Alphabet Knowledge, Pigs in a Pen game: Have your kindergartner, other children, and members of your family play. Use this sheet, a pen, and ABC flashcards. Show the first player a card. If he or she gets the letter and sound right, have him or her make a vertical or horizontal line in between two dots. The next player gets a different card. If he or she gets the letter and sound right, he or she also gets to make another line. This is played until a box is made. The player who made the box gets to draw a pig in the middle. Play the game until all the boxes have been made or until time runs out (about 15 minutes). If your students have mastered the alphabet, use site word cards instead of alphabet cards. This was an absolute favorite in my kindergarten classroom. The students would beg to play! The printable can be blown up to a poster size, laminated, and used in whole group/small group instruction.
Book Talk written response: This is a great printable page for independent book responses. Model the activity during whole group read alouds and then put this book response in place during centers or reading time. They also look great up on bulletin boards.
Draw the Word, phonetic reading activity: These five worksheets contain words that are easily sounded out. Practice with students in small group sounding out words and then illustrating the word. These worksheets are great for literacy centers.
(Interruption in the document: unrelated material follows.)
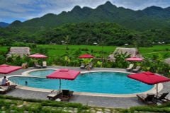 Breakfast at the hotel and check-out. At 07.45 AM: Your private guide and driver will pick you up at your hotel and transfer about 4 to 4.5 hours to Mai Chau - home of Thai ethnic people. Arrive in Mai Chau in the late morning, check-in, and enjoy lunch at a Thai family house.

Fishing for Knowledge-Literacy Center Favorite: This is a student favorite that encourages reading, writing, cooperation, and turn taking! Enjoy a ready to print record keeping sheet for students who are actively learning a teacher directed skill (alphabet knowledge, names, site words, etc.). Once you have used the supplied template to make your paper fish (and have magnetic fishing poles available), you will have a literacy center to last for years! Directions: Page one is the printable for students to record their work. Providing clipboards for the students to use during their fishing is helpful. The single fish below is the template for you to print out, cut out and use as a tracing guide. I used large sheets of construction paper in various colors and traced as many fish as I could fit on the page. Then with a sharpie, write alphabet letters, student names, word wall words, etc. Laminate the pages and cut out. To make the fish magnetic (enough to cling to a store bought fishing pole), staple at least 5 staples where the fish’s mouth is. Test out the area with your pole and if the magnet doesn't pull it up, add more staples. I teach this activity in both whole group and small group lessons where the students take turns fishing and each student records their “catch.” To use this activity for literacy centers/station, fill a plastic tub with 2 fishing poles, the printable above, clipboards, and the fish (with your targeted area written on them) in a ziploc bag. This is a student favorite that encourages reading, writing, cooperation, and turn taking!
Happy Face Book Review: This is another great printable page for independent book responses. Model the activity during whole group read alouds and then put this book response in place during centers or reading time. They also look great up on bulletin boards.
Comparing Names Printable: Help your students learn to recognize their names and the letters within the names! First introduce this printable worksheet in a small group or whole group learning time. Choose a child and write his/her name in the first box. Then count and discuss the number of letters in the student’s name. Use a class list that is posted or index cards with other students’ names written on them to search for names that are shorter, longer, and the same length as the student’s name. If a child cannot find a name to fulfill one of the criterion, teach them to write, “none.” After three or more practices in a group setting, this activity can be moved to a language arts learning station/center.